Даже Морис Хиндус, этот ярый сторонник всего крестьянского, в плачевном состоянии сельского хозяйства в России винил крестьянство. Он высоко оценил действия советских властей в эпоху НЭПа по расширению кругозора крестьянина, наделению сельских жителей голосом и энергией в делах на местах, а также приобщению их к миру за пределами этих мест. «Под его грубой древней внешностью, – восхищался Хиндус, – скрывалось изменившееся и сияющее человеческое существо». Подзаголовок одной из его статей 1927 года эффективно резюмировал его взгляды: «Возрожденный русский крестьянин: робкое, но анархичное существо, которому революция помогла заявить о себе». Хиндус связывал изменения в поведении крестьян с приходом к власти большевиков: «Революция медленно, но безжалостно выводит его [крестьянина] из его застарелой инертности» [Hindus 1928: 298–300; Hindus 1926b: 140]. Коллективизация, согласно этому мнению, была одной из попыток большевиков спасти крестьян от их собственных худших черт.
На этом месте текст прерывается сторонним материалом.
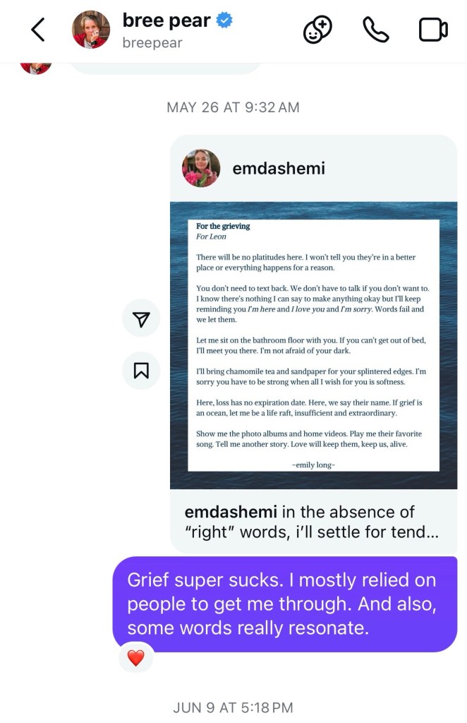 You probably don’t remember, but around this time last year, I sent you Emily’s For the Grieving poem (see cover photo screenshot). And yes, scrolling through our entire Insta DM history was a total time suck, but absolutely worth it for the picture proof.

Луис Фишер, настороженно относившийся к крестьянскому консерватизму, особенно оценил восторг Мориса Хиндуса по поводу трансформации русского крестьянства. Рецензируя книгу Хиндуса «Красный хлеб», Фишер хвалил не только ее описание сельской жизни – «книга пахнет землей и пóтом русской деревни», – но и ее утверждения о переориентации человеческого поведения. «Если вы думаете, что человеческая природа не может измениться, – смело заявлял Фишер, – прочитайте книгу Хиндуса». Фишер пришел к выводу, что книга достаточно убедительна и Хиндус «оказал большую услугу революции», продемонстрировав, что «коллективизация имеет непосредственные преимущества перед мужицким земледелием» [Fischer 1931: 587]. Коллективизация в контексте более широких целей пятилеток положила начало тому, что Фишер назвал «героическим этапом революции»[415]. Русская деревня 1920-х годов «была настолько непродуктивной и непрогрессивной, настолько неграмотной в культурном и сельскохозяйственном отношении, что почти любое изменение было бы изменением к лучшему». Наиболее вредоносные недостатки сельской местности связаны с особенностями ее жителей. Знаменитое русское терпение, утверждал Фишер, является не добродетелью, а «одним из худших проклятий этой страны». Только под угрозой коллективизации, заявлял он, русская деревня изгонит «славянскую медлительность» во имя нового бога, «выполнения плана». Фишер надеялся преодолеть «бычью невозмутимость», с которой крестьяне принимали свою участь [Fischer 1932a: 493; Fischer 1935b: 166, 132, 206].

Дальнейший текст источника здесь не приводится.